Когда мы вернулись в салон, я услышал, как, словно в ответ на мои молитвы, застучал по палубе над головой легкий дождик. Я сомневался в том, что Уаксвелл имел какую-либо подготовку в использовании навигационных приборов для определения курса, но при этом чертовски хорошо понимал, что он мог, взглянув на звезды, обнаружить, что мы сменили курс.

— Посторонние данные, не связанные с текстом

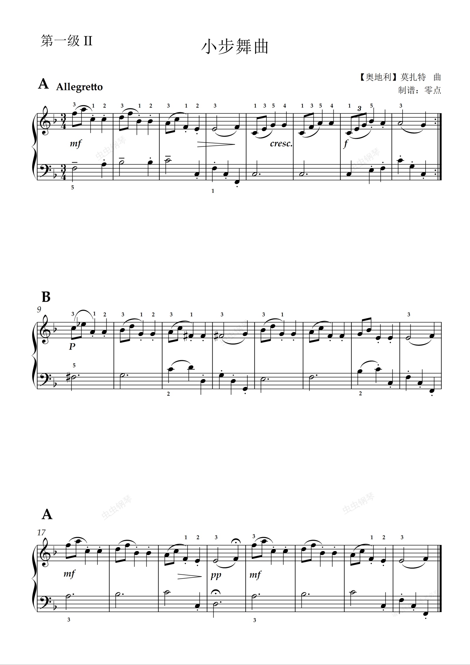 钢琴谱:第一级 小步舞曲(莫扎特)
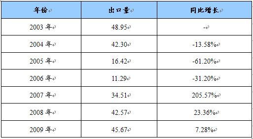2003-2009年我国冷冻肉出口量及同比增长统计表 单位:万吨

Мы с Артуром сидели на стульях, Уаксвелл давал нам инструкции о том, как нужно себя вести, если нас постараются перехватить с моря или с воздуха. Он останется внизу со связанной девушкой, приставив ей к горлу нож. А если нас попытаются взять на абордаж, то, по его оценке, у него были неплохие шансы уложить их на месте.

— Это тот пистолет, на котором был глушитель? — спросил я.

— Проклятая штуковина, по почте заказанная, — сказал он. — Слишком громкий. Я его тогда еще раз испробовал, когда ночью домой приехал. Ни фига он не глушит.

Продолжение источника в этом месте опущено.